Esta é mesmo uma selva. Já não é necessário ter medo de sair de casa, porque o teu maior inimigo está dentro de casa. É a pessoa que você tanto quer bem, mas que por causa do egoísmo, desdém ou egocentrismo não sacrificou o ontem e faz do teu hoje um inferno.
Nesta selva dá orgulho ser-se ateu. Os maiores intelectuais são todos ateus e querem fazer-nos pensar que acreditar em Deus é promiscuidade e que turismo sexual e pedofilia são futurismos. Fico triste quando vejo pessoas como Saramago serem laureados com prémios Nobel, prémios esses, que no que se refere a literatura tem sido uma autêntica apologia a promiscuidade.

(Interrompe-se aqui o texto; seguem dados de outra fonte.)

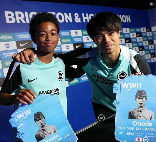 据环球时报,布莱顿俱乐部青训学院社交账号11月27日发布的一篇文章中,配上了一张小球员与三笘薰的合照,两人手持印有小野田宽郎身着军装照片的卡片。小野田宽郎是日本在二战中最后一名正式投降的士兵,在菲律宾卢邦岛杀害了30名平民,1974年才投降。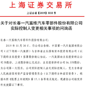 记者12月3日从长春一汽富维汽车零部件股份有限公司(下称“一汽富维”)了解到,因股权转让、实际控制人变更等相关事项,一汽富维于12月2日收到上交所问询函,要求解释一汽集团后续在一汽富维控制权有关事项上的具体安排和意图等。

Não vivi muito, mas já deu pra perceber que isso vai de mal a pior. Nostalgicamente lembro que era bonito ir-se a igreja, agora isso tornou-se leviandade. Quando se fazia cuscuz um pedaço era para o vizinho, hoje se esconde a comida até mesmo do filho. Quando uma pessoa deixava de ocupar um cargo e andar a pé era afectuosamente chamada de séria, hoje isso é burrice. Não estou a falar de valores nem de coisas difíceis. Estou a falar da nossa vida, do que fomos e no que tornamos. Quero que aperceba que este país se tornou uma selva. Uma selva que satisfaz apenas aqueles que governam e aqueles que vendem, aqueles que vendem tudo, até mesmo aquilo que te mata.
Esta é uma selva que precisam manter porque assim, vamos continuar sendo animais com ética, que utiliza a etiqueta para parecermos mais belos do que somos.